Лука покачал головой. Эта девушка умеет обращаться с людьми. С животными. С детьми. Что-то в ней есть такое. Лука подождал, и хотел было уже махнуть ей рукой, когда она села в машину и тронулась с места.

Лука робел. Наверху находилась девочка, с которой ему нужно было поговорить. Он глубоко вздохнул и пошел к ее спальне.

— Привет, папа!

— Доброе утро, сердце мое.

— Грейси поехала к своему папе, но скоро вернется, — сообщила Мила.

— Это хорошо, — сказал он, уже не удивляясь тому, что его дочь только и думает, что об их гостье, как и он сам. — Мила, радость моя, я хотел с тобой поговорить.

— Знаешь, папа, я решила, что Грейси красивее меня, — сказала Мила.

— Правда?

Лука сел на пол рядом с дочерью. Она кивнула.

— Правда. Я так решила, потому что люблю ее.

— Грейси права, ― подумал Лука.

Мила полюбила ее. Если… то есть когда она уедет, Мила будет ужасно переживать.

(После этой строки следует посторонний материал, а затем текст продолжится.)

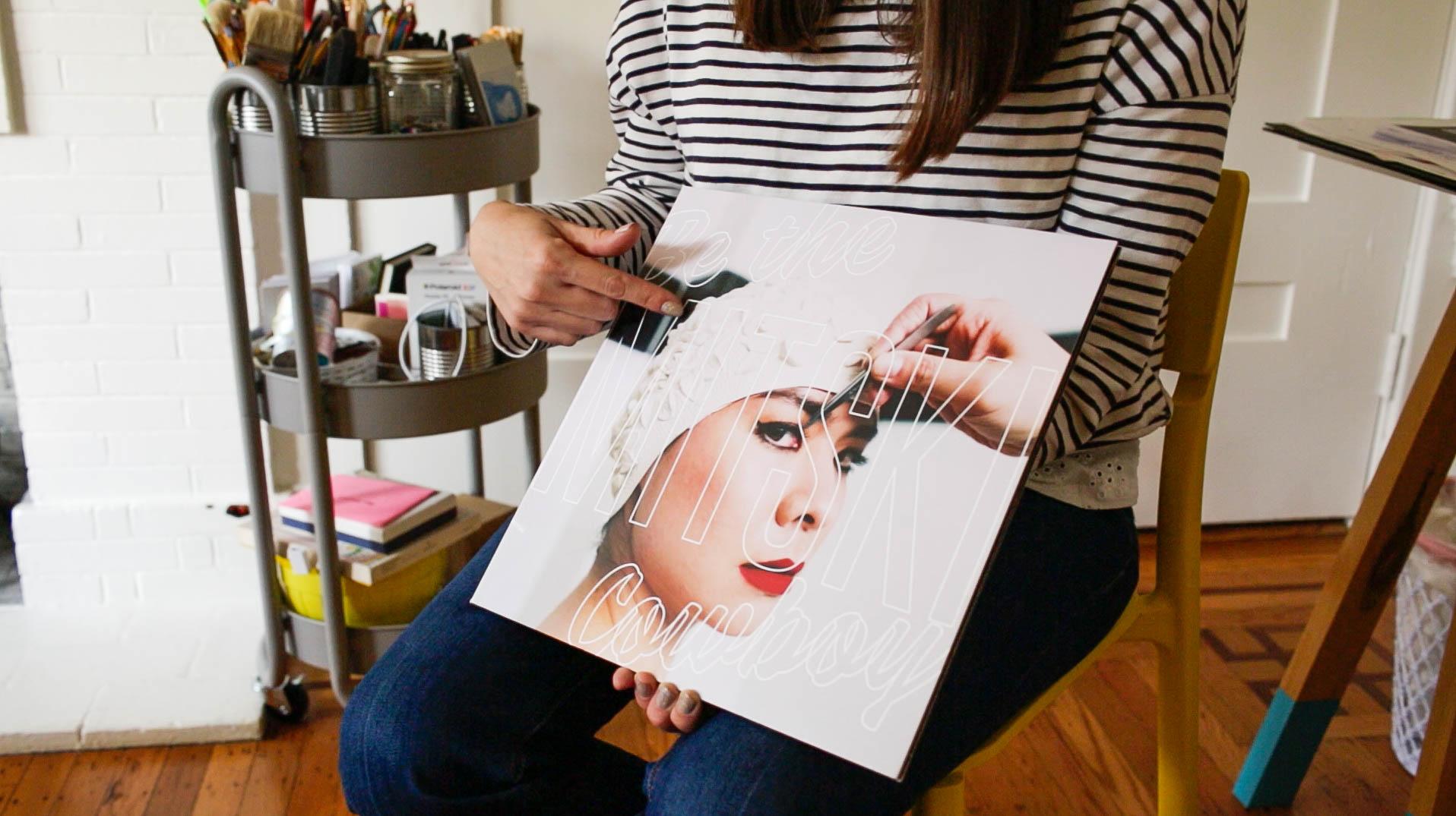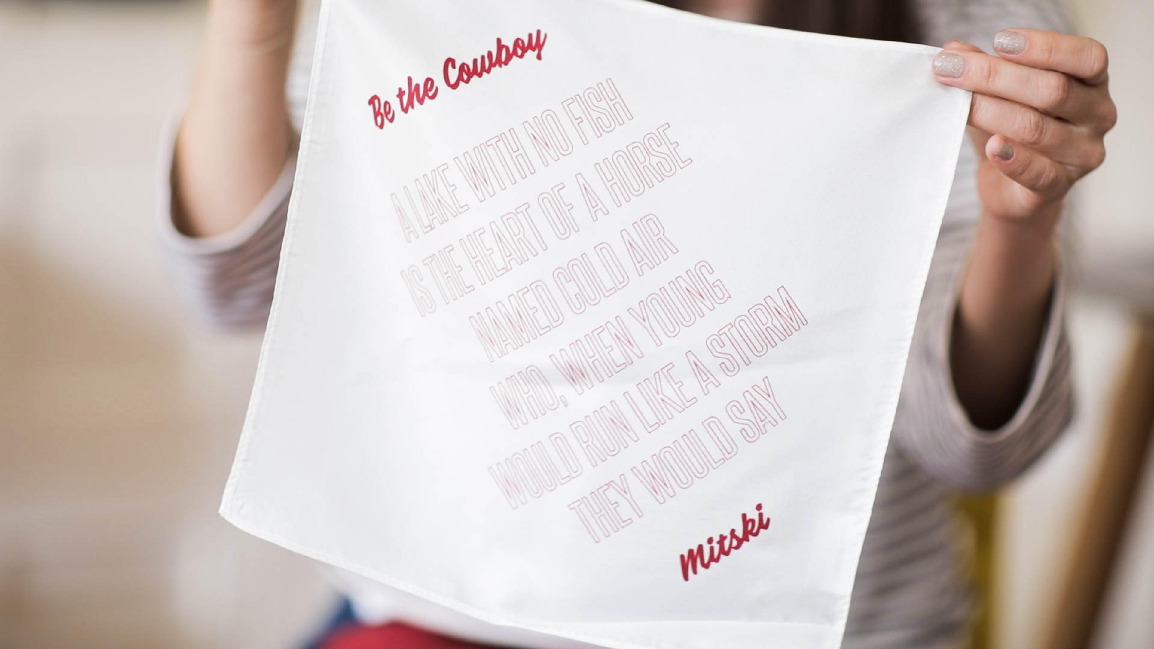 “I aim to make work that is (somehow) good for people.” In her commissioned work, Banas designed a poster for artist Selby Cole’s remote happening “No Phone Day” which encouraged participants to consider their relationship to their smartphone, and designed the album art for Mitski’s “Be The Cowboy” record down to the coke bottle green color of the vinyl and special edition 100% silk handkerchief printed with lyrics. Banas explains that when she has the privilege of choosing, the work she takes on directly correlates with who she believes should be seen, heard; people that should be paid attention to.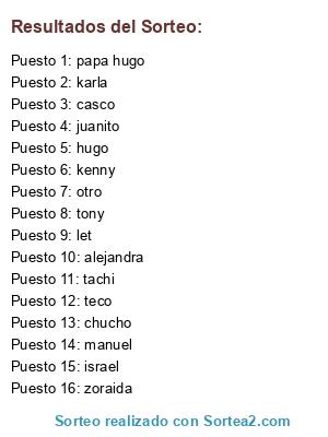 Lista de participantes: israel, let, zoraida, manuel, tony, casco, chucho, hugo, papa hugo, tachi, karla, alejandra, teco, juanito, kenny, otro.

— А ты меня еще любишь? — спросила Мила.

— Конечно, всегда любил и буду любить.

— Хотя я теперь люблю и Грейси тоже?

— Конечно. В твоем добром сердечке поместится любовь ко всем, кто этого заслуживает, и это нисколько не уменьшит твою любовь ко мне, к Гран-нонне и к Джемме.

— И к Пино?

— И к Пино.

— И к дяде Дому?

Вот тот момент, которого он ждал!

— Особенно к дяде Доменико. Знаешь, давно-давно, когда ты еще не родилась, а твоя мама еще не была моей женой, дядя Дом и твоя мама полюбили друг друга. Они любили так сильно, что родилась ты.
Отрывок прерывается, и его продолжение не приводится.